• [Your objective] Your output should be everything below from the line containing "Дым от пожаров" down to the line containing "Abendstimmung bei der", both ends included, copied exactly, with pictures left out.

• [Information]
□ □ □

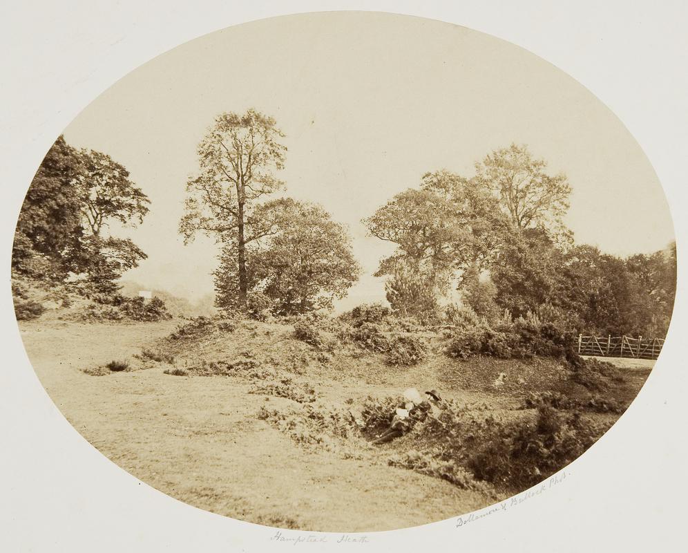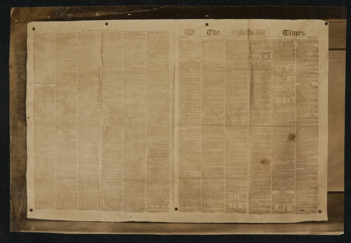 Catalogue of 1854 exhibition by Photographic Society, 'Exhibition of Photographs and Daguerreotypes at the Gallery of the Society of British Artists'. Published by Society for first exhibition held at the Gallery of the Society of British Artists, Suffolk Street, Pall Mal, London, at a cost of 6d (pence) entrance fee one shilling. Inside cover has three newspaper cuttings on the exhibition by the newly formed society and inside back cover has cutting from The Morning Post reporting on the opening of the exhibition.
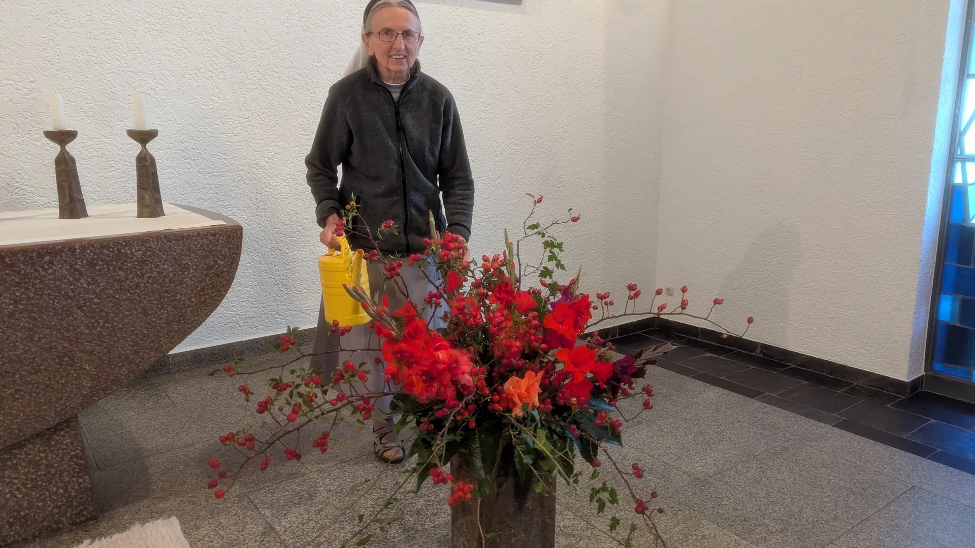 Mit reicher Blumenfülle sind wir Schwestern Tag für Tag in unserer Kapelle und in vielen anderen Räumen beschenkt. Nur in der Passionszeit und Adventszeit verzichten wir.
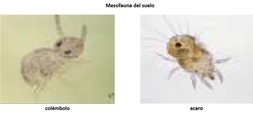 Los colémbolos y los ácaros son Mesofauna que comúnmente se encuentra en el suelo. Desempeñan un papel importante en la descomposición de la materia orgánica, el reciclaje de nutrientes y la regulación de las poblaciones microbianas por depredación.
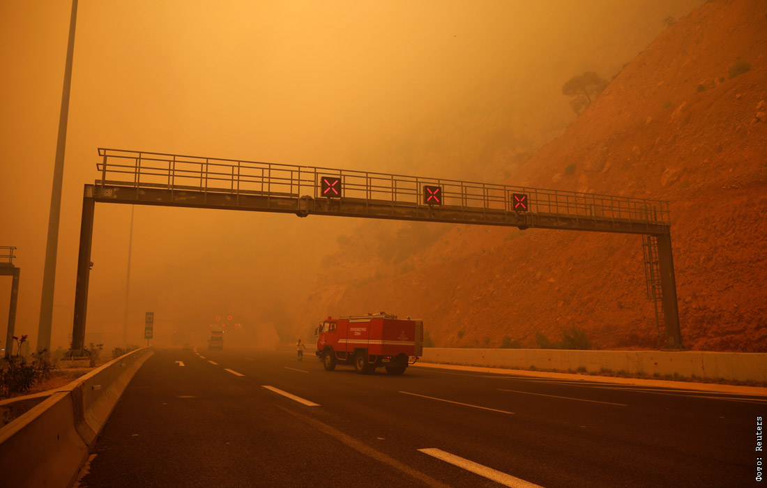Дым от пожаров накрыл столицу и парализовал движение на трассах, связывающих Пелопоннесский полуостров с материком
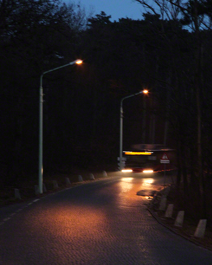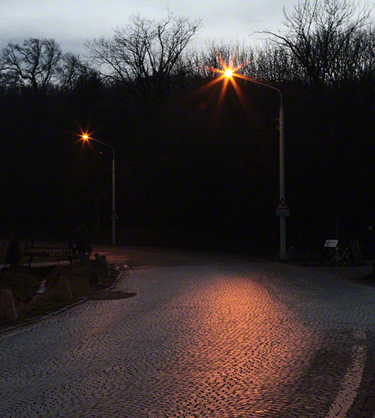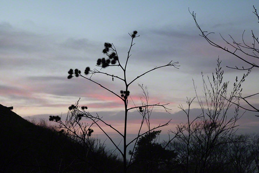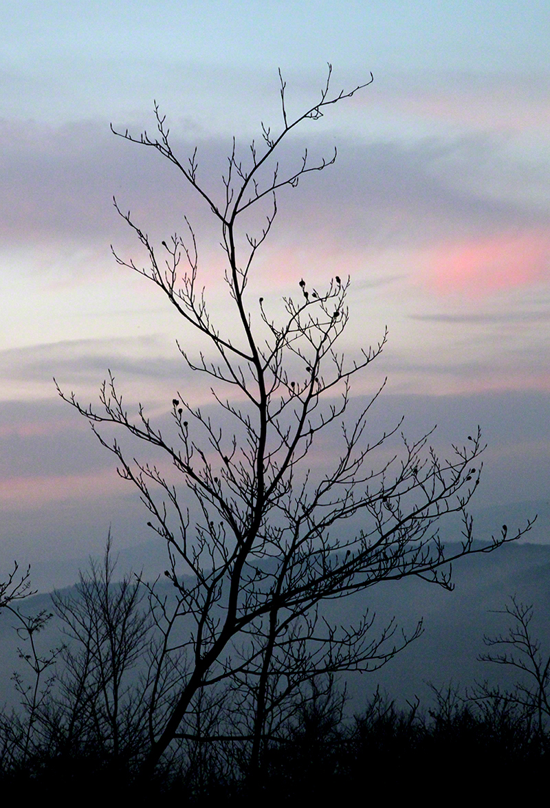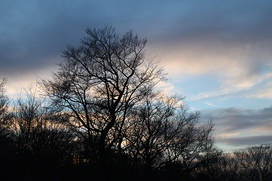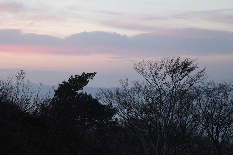 Abendstimmung bei der Elisabethwiese (Hütte am Weg / Josefinenhütte) am 3. Jänner. Bäume und Pflanzen stehen dunkel vor einer Symphonie aus Blau, Violett, Grau und Rosa mit vielen zarten Zwischentönen und Schattierungen. Wolken bilden weite, stetig wechselnde Gebirgszüge. Das Pflaster der Höhenstraße wird unter der Straßenbeleuchtung rötlich sichtbar, und endlich kommt der Bus.
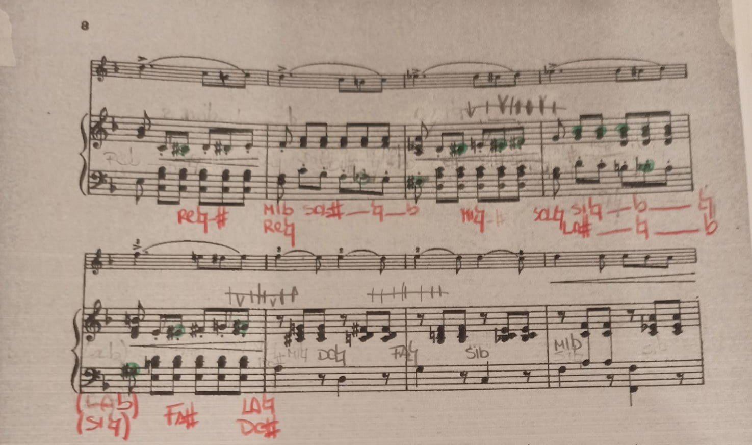 In this part there is also a very complex chromatic transition. In this case observing the use of chromaticisms, it is possible to see how Munier carefully planned this step by step; but through enharmony I managed to solve the problem and play the passage.
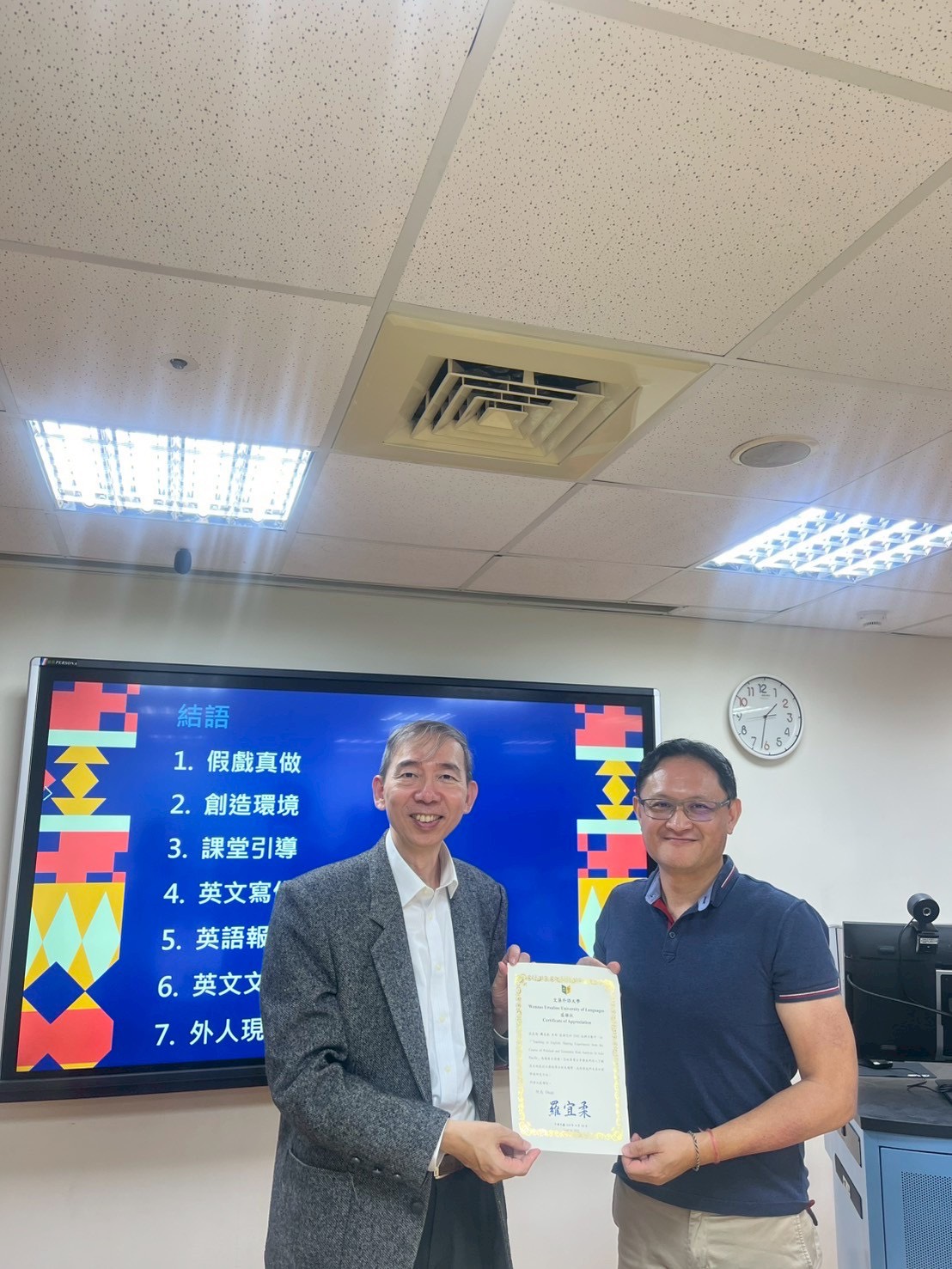 During the Q&A session, participating faculty members actively raised questions, particularly regarding the assessment of EMI effectiveness. Professors from the Department of International Affairs also shared their own experiences with implementing EMI courses at Wenzao. This cross-institutional exchange not only inspired new ideas for teaching but also injected fresh perspectives into the future development of EMI pedagogy.

□ □ □

• [Solution to this exercise]
Дым от пожаров накрыл столицу и парализовал движение на трассах, связывающих Пелопоннесский полуостров с материком
 Abendstimmung bei der Elisabethwiese (Hütte am Weg / Josefinenhütte) am 3. Jänner. Bäume und Pflanzen stehen dunkel vor einer Symphonie aus Blau, Violett, Grau und Rosa mit vielen zarten Zwischentönen und Schattierungen. Wolken bilden weite, stetig wechselnde Gebirgszüge. Das Pflaster der Höhenstraße wird unter der Straßenbeleuchtung rötlich sichtbar, und endlich kommt der Bus.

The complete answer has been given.